Structural diversity of Zn(II)/Cd(II) coordination polymers constructed from mixed ligand systems of conformationally flexible azo functionalized bis-imidazolate and dicarboxylates

Abstract

Six coordination polymers based on a conformationally flexible azo functionalized bis-imidazolate ligand bis(3-imidazol-1-ylphenyl)-diazene (L) with diverse conformations, namely, {[ZnL(tp)]·2H2O}n (1), [ZnL(ndc)]n (2), {[ZnL(ip)]·DMF}n (3), [Cd(L)0.5(tp)]n (4), {[CdL(ndc)]·0.625DMF}n (5) and [CdL(ip)]n (6), have been synthesized under solvothermal conditions with the aid of three different dicarboxylic acid ligands (H2tp=terephthalic acid, H2ndc=naphthalene-1,4-dicarboxylic acid, H2ip=isophthalic acid). Complexes 1–3 exhibit 2D+2D→3D polycatenation or 2D→2D interpenetration of (4, 4) sheets with metal ions as 4-connected nodes and ligands as linkers, while the layers are interpenetrated in different ways. Complex 4 possesses an unprecedented self-penetrating framework with a uninodal 8-connected with (416.55.67) topology based on infinite rod-shaped secondary building units (SBUs).
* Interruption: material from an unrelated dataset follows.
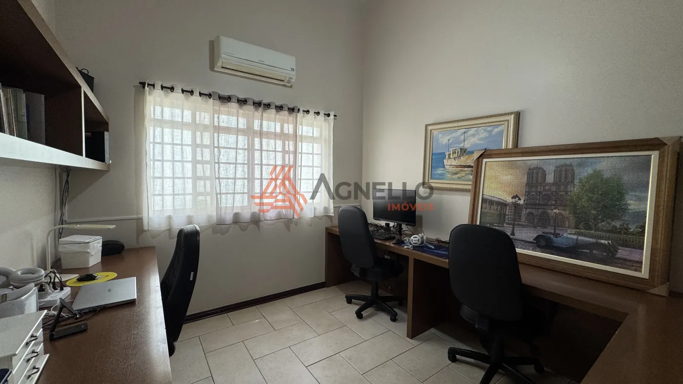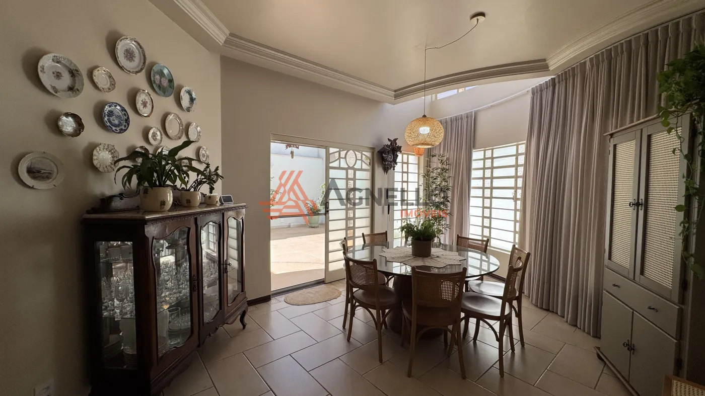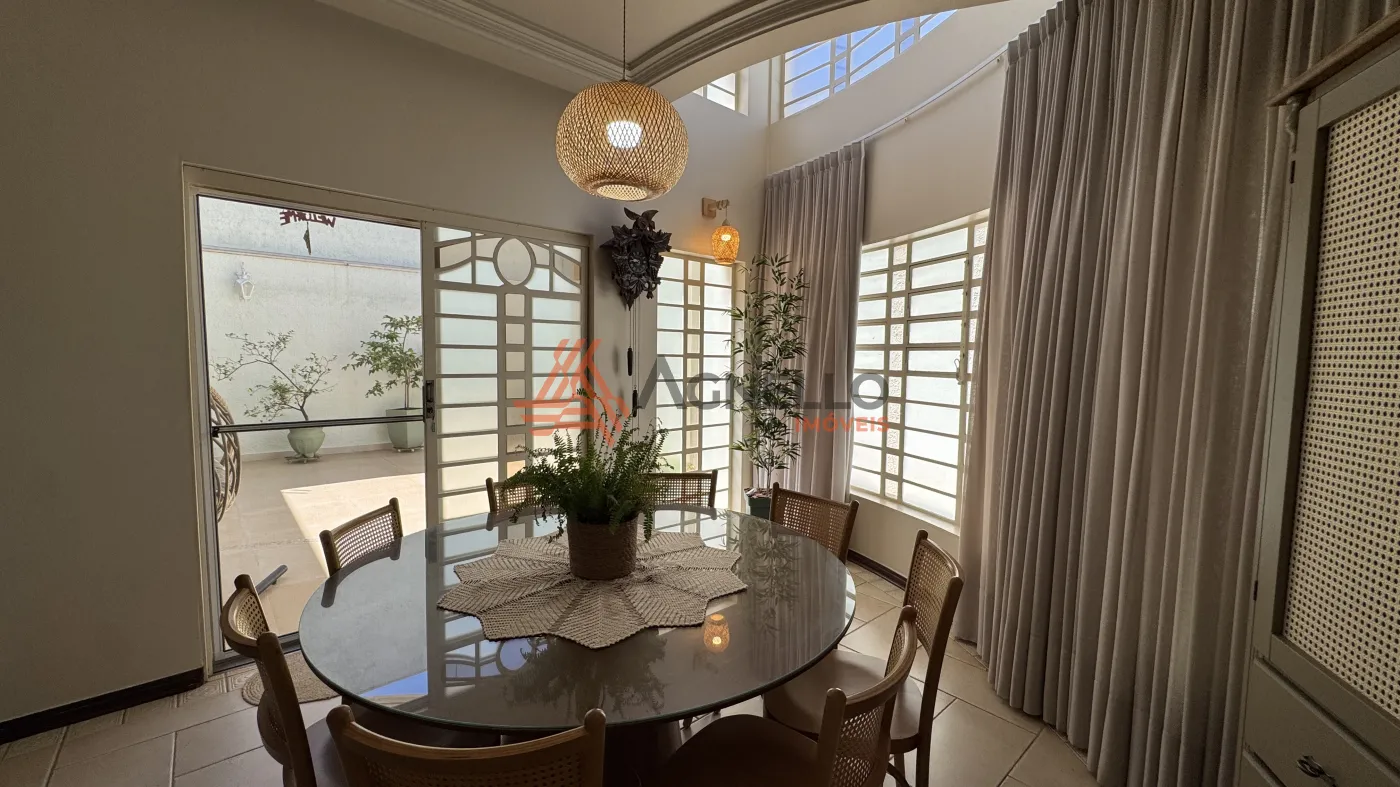 Excelente imóvel com três suítes sendo uma com closet, escritório, sala de estar e TV, lavabo, sala de jantar, cozinha, despensa, área de serviço com banheiro, quintal e garagem coberta para três carros.

Complex 5 displays a 3D 6-connected self-penetrated rob topology constructed from binuclear Cd(II) SBUs. Complex 6 features non-interpenetrated sql topology built on binuclear Cd(II) SBUs. The effects of the conformations of the L ligand, coordination modes of the dicarboxylic acids and metal ions on the diverse structures have been discussed. The thermal stability and luminescent properties of the CPs are also investigated.